This piece was originally featured in the spring 2021 edition of the Backcountry Journal.
I hear my wife begin recording videos for her fourth-grade class, but she is drowned out by the last of our wine deglazing the good bits from the cast iron in front of me. She has not seen her students for over a month, her heart breaking again with every email received. They ask when things will return to normal. I think of the undergraduate students’ essays I must grade after putting the browned neck roast on to braise the rest of the day.
My freezer is still much fuller than I expected it would be now at nearly the end of the semester for colleges across the country, undergraduates and graduate students alike counting down the days until finals. I had planned family-style meals and a semester-end potluck, full of dishes made from the bounty of my successful fall and winter hunts.
I was not raised a hunter. I became one to take responsibility for the decisions I make in my foodways. I was looking forward to a late afternoon around a grill full of venison burgers, smoked trout and spatchcocked pheasant to share with my friends and finishing off one too many beers around a campfire. Now I just count the days since those plans were disrupted.

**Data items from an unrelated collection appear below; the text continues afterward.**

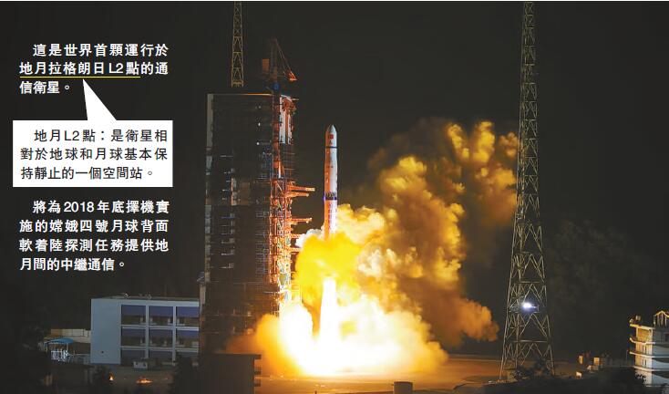 【香港商報网訊】北京時間昨天凌晨,中國在西昌衛星發射中心用長征四號丙運載火箭,成功將探月工程嫦娥四號任務鵲橋號中繼星發射升空。鵲橋號中繼星是世界首顆運行於地月拉格朗日L2點的通信衛星,將為年底擇機實施的嫦娥四號月球探測任務提供地月間的中繼通信。此次發射任務是中國長征系列運載火箭第275次發射,也是長征四號丙運載火箭在西昌衛星發射中心首次執行任務。
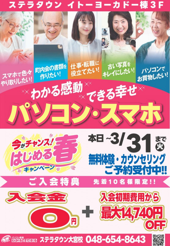 「パソコンを買いたいけど使えるのか不安」という初心者の方から、「パソコンの資格をとって就職に役立てたい」という上級者の方まで、安心してあなたの「やりたい」を実現できます。
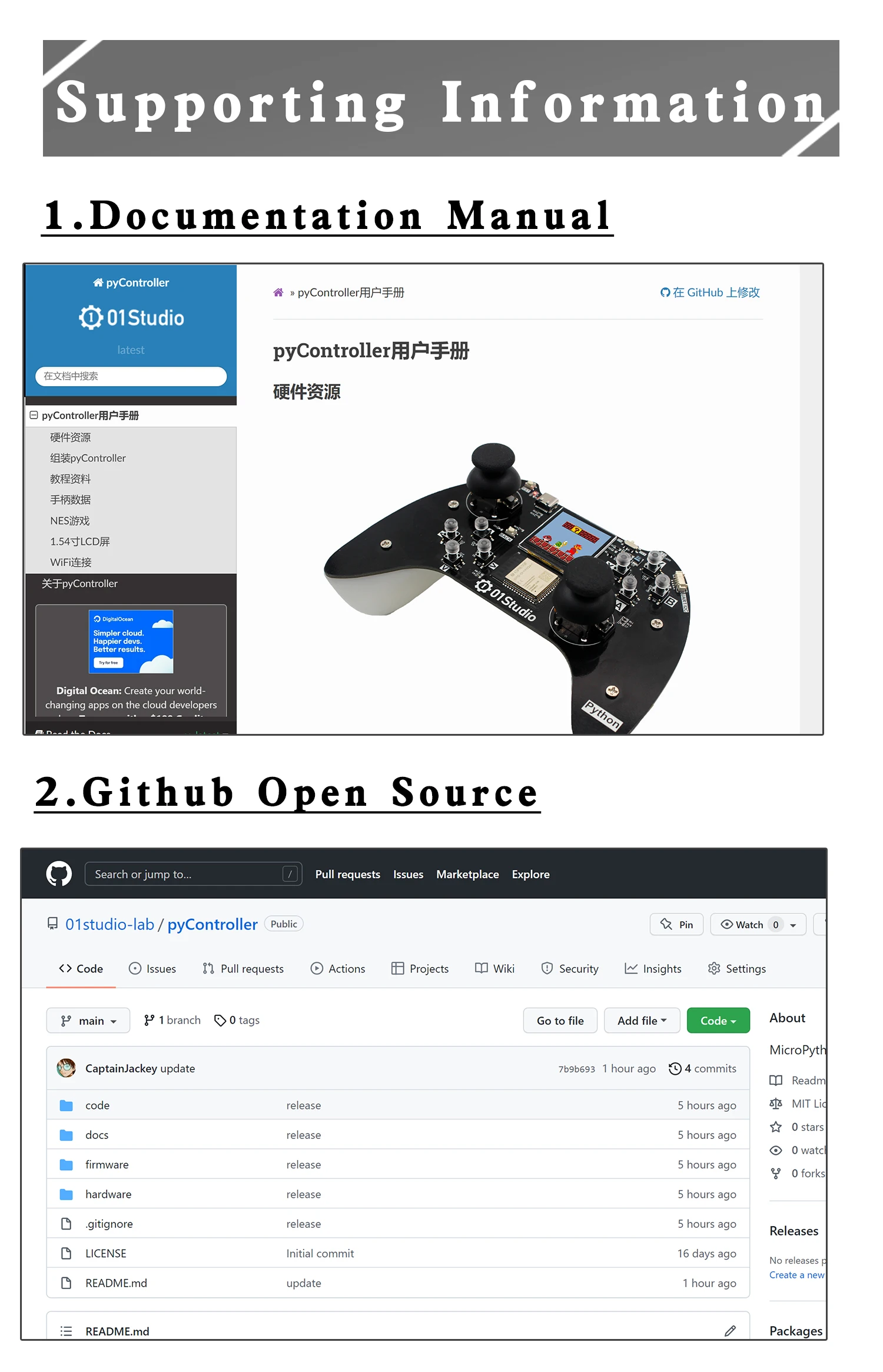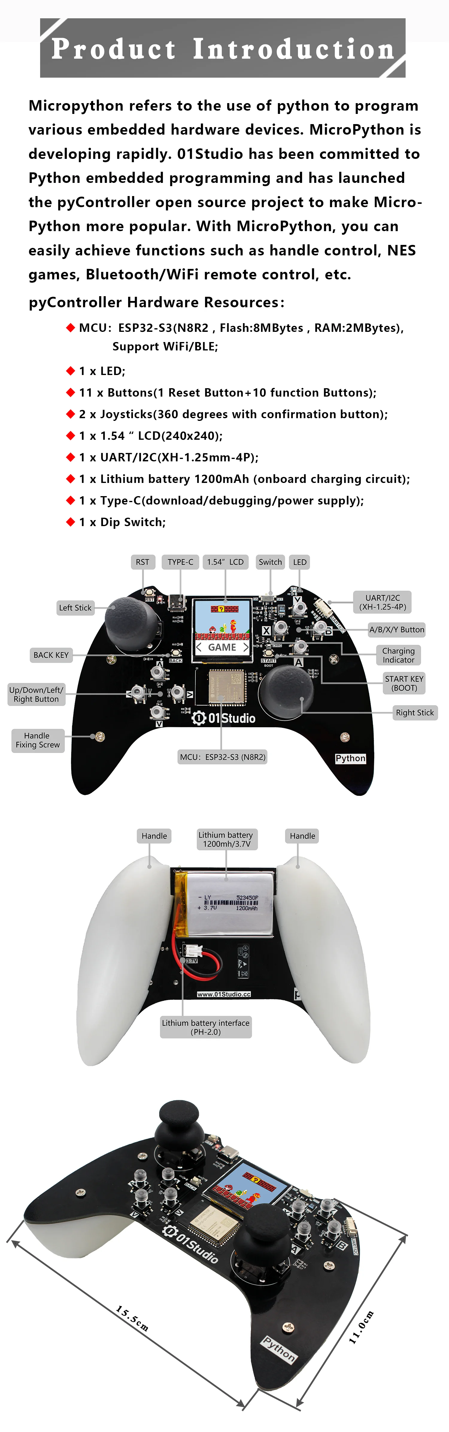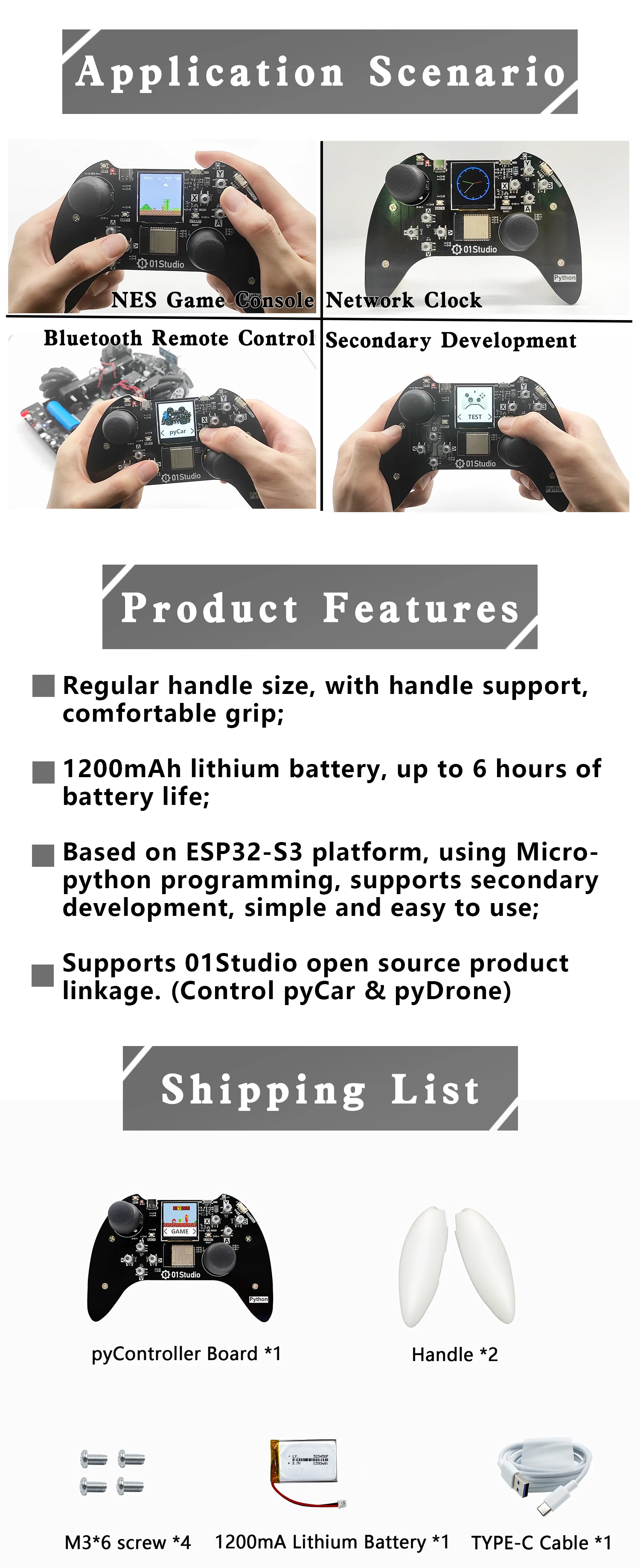 01Studio pyController Control remoto/controlador de juego ESP32-S3 Placa de desarrollo WiFi Bluetooth programación Python
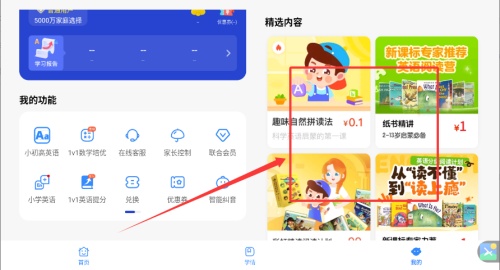 2、进入软件首页,点击对应入口选择英语类型课程。
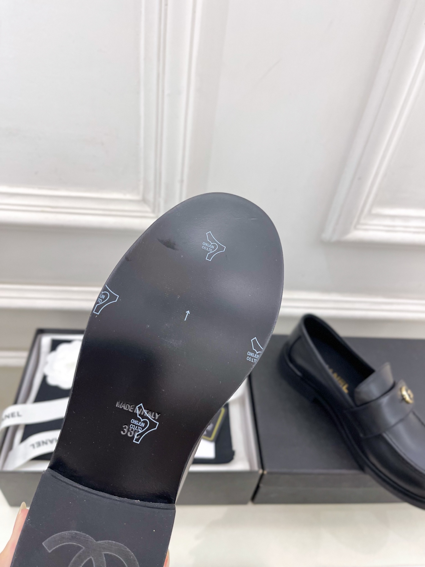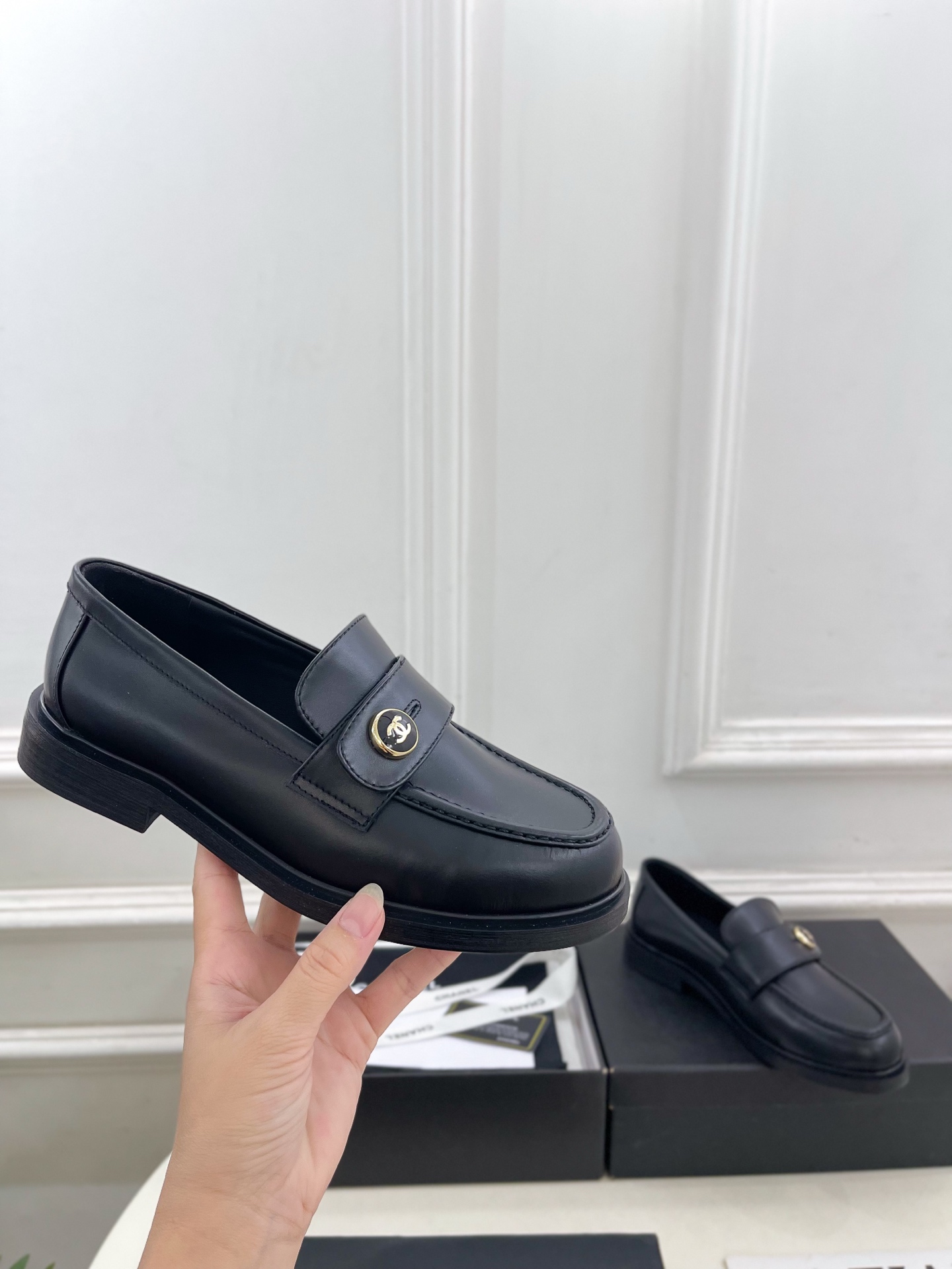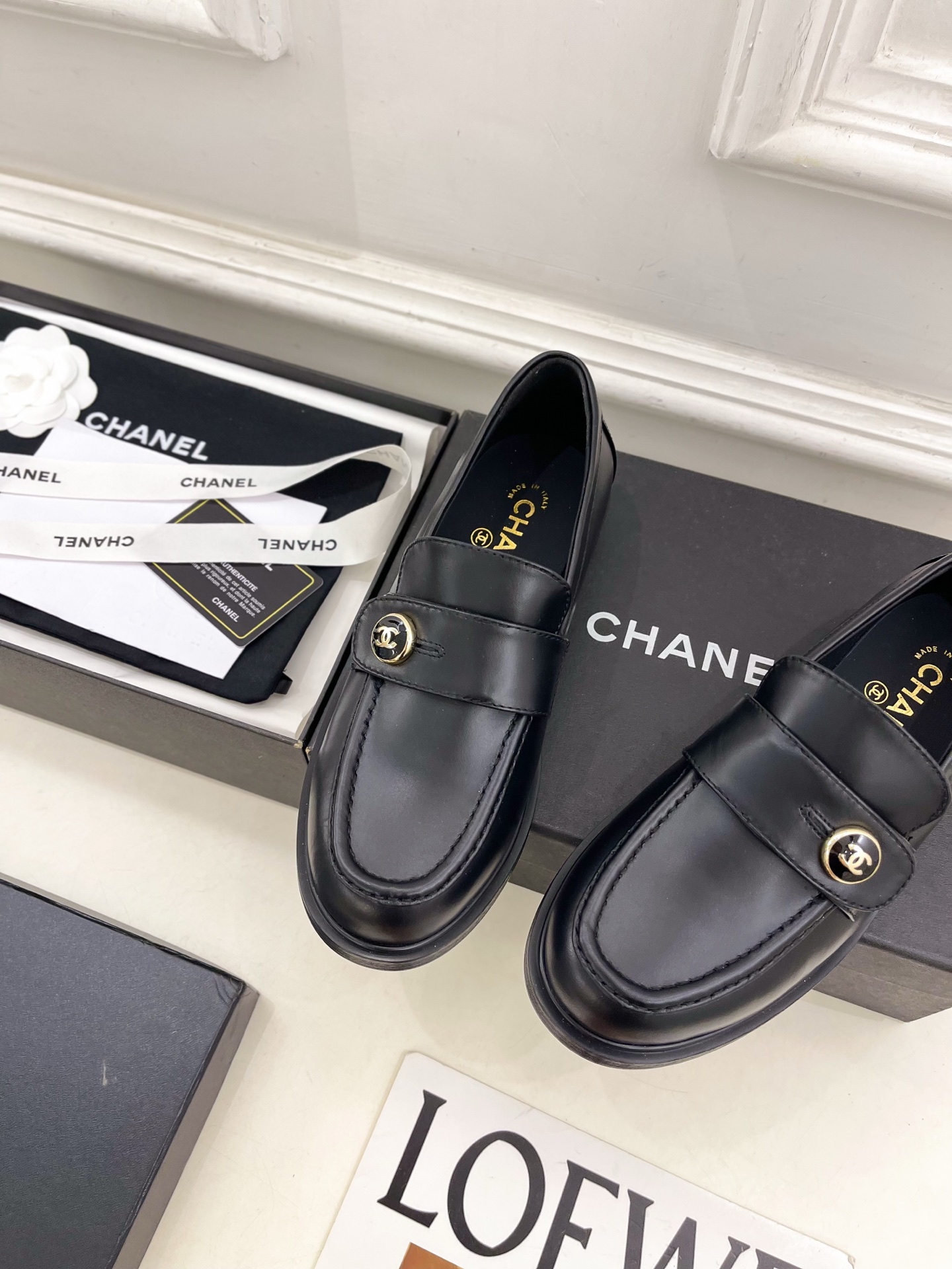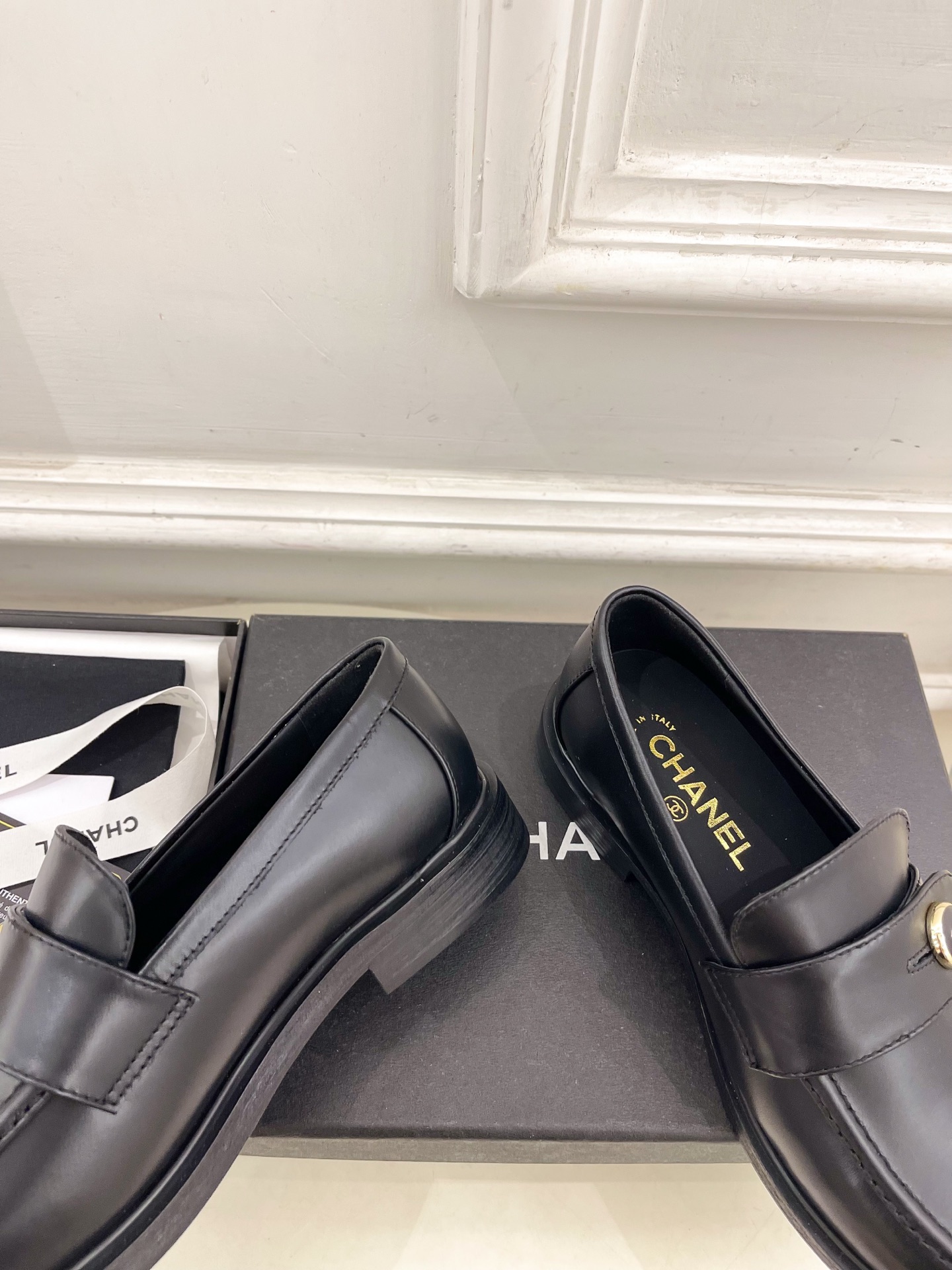 CHANEL ローファー 黒 レディース靴 革製 シンプルデザイン MADE IN ITALY
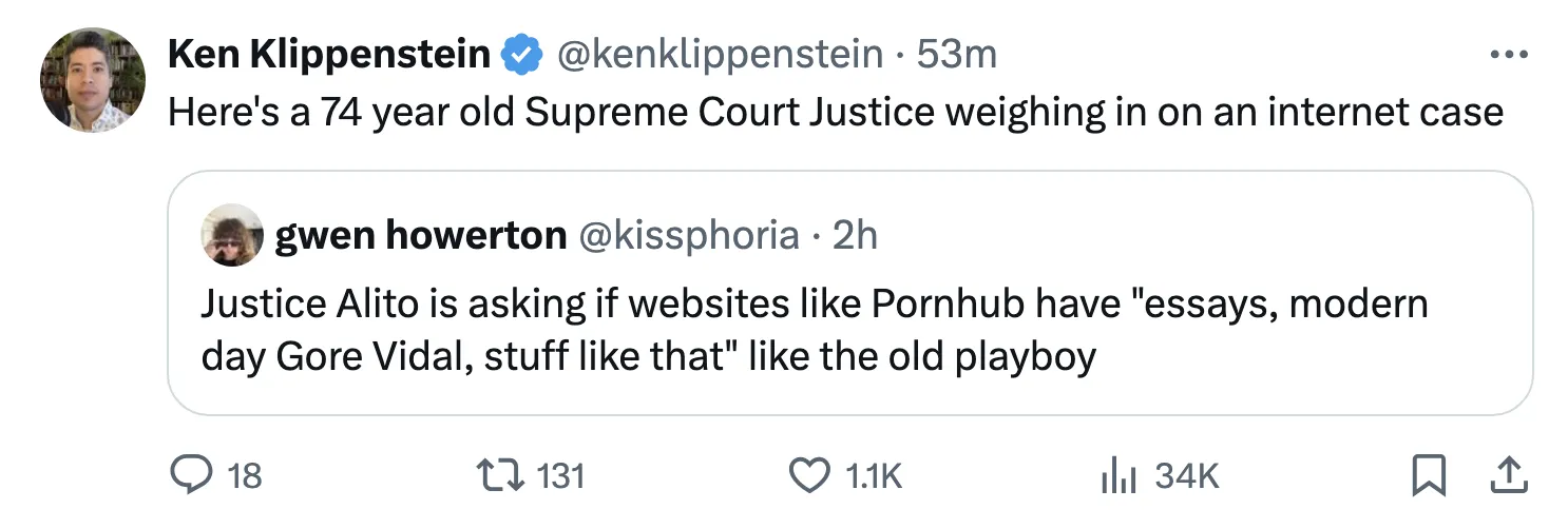如果你对为什么一位最高法院法官在谈论Pornhub和Playboy感到困惑,让我来解释一下。今天早上,法官们听取了对一项挑战德克萨斯州法律的案件的口头辩论,该法律要求性网站验证访问者的年龄。法律的支持者表示,这可以保护儿童,但成人娱乐行业的成员表示这违反了第一修正案的权利。
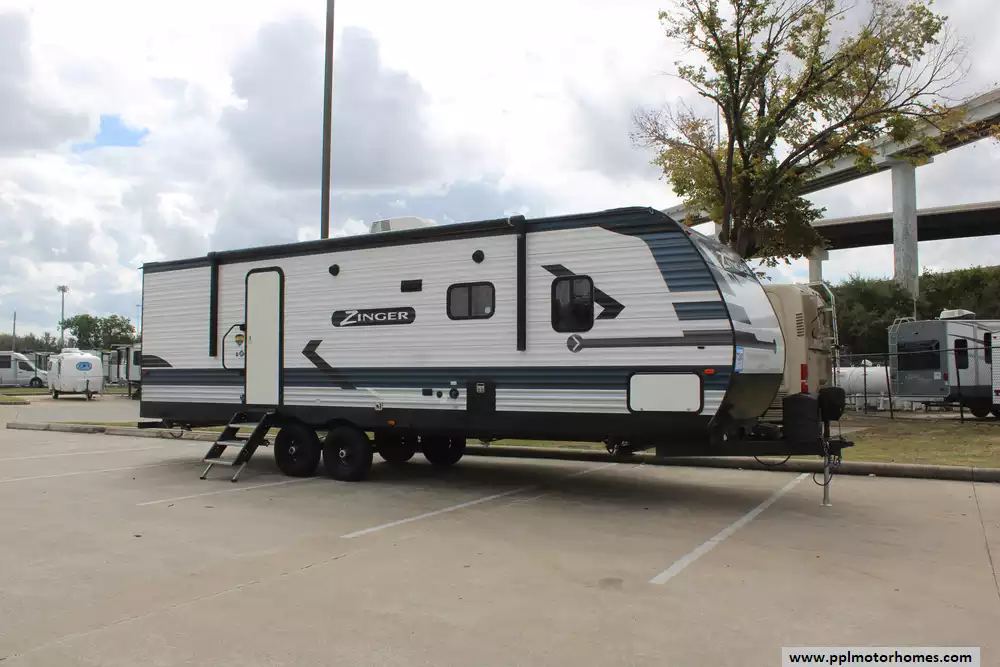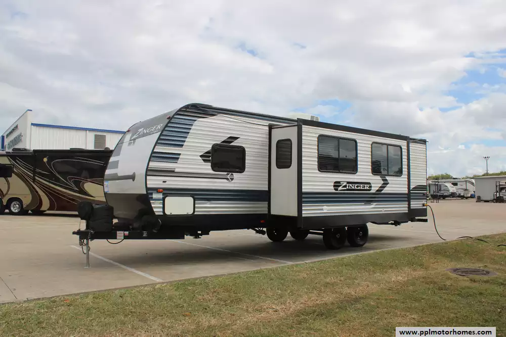 This 2021 Zinger 280RB is a mid-size travel trailer designed for families or couples who like a mix of comfort and good value. Comforts Include...Electric Tongue Jack, 1 Ducted Air Conditioner, Double Door Refrigerator, Automatic Main Awning, Outside Speakers, 2 TVs, Outside Shower, Fireplace, Microwave, 3 Burner Range, and Oven.
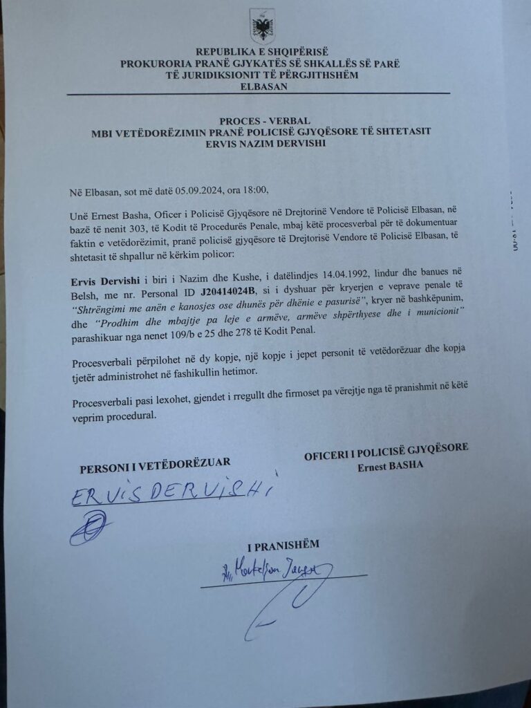 Ata dërguan pranë redaksisë së noa.al dokumentin ku provohet vetëdorëzimi ndërsa më poshtë shikoni dhe pamje të momentit kur i riu shkon në polici.

When I harvested that deer, watching it die by my hand, I nearly vomited. I fish and hunt, but this was the first large mammal I had shot in over a decade. After a deafening roar of blackpowder and 30 seconds of violence, I was awash in anguish, gratitude and pride. By the time the smoke cleared, I could feel the cold of the late December evening approach, and it was the responsibility to the animal that came to the forefront. I began processing it in the failing light, wishing I could say I was on autopilot, wishing I was not making mistakes. But it was akin to the first time all over again; I was literally and figuratively flailing about in the dark, covered in steaming blood, hoping I had done the right thing.
I have been thinking about that during the last several weeks. I tell myself that I and my loved ones will be okay; that people smarter than me know what they are doing. I wish I could say I was on autopilot, coasting along, knowing what to do each day. There are moments when I feel like I am still flailing about on that cold night, wondering what comes next. I do not know when I will be able to reach into the freezer to cook for my friends again. So, when I find it time to thaw a piece of deer for our next meal, it is still with mixed emotions. Of thanks. But also, of looking forward for times to come. I smell the spices in the braise and wonder how long it will be until it is safe to share again.
Joe is the founder and former president of the University of Massachusetts Amherst BHA club.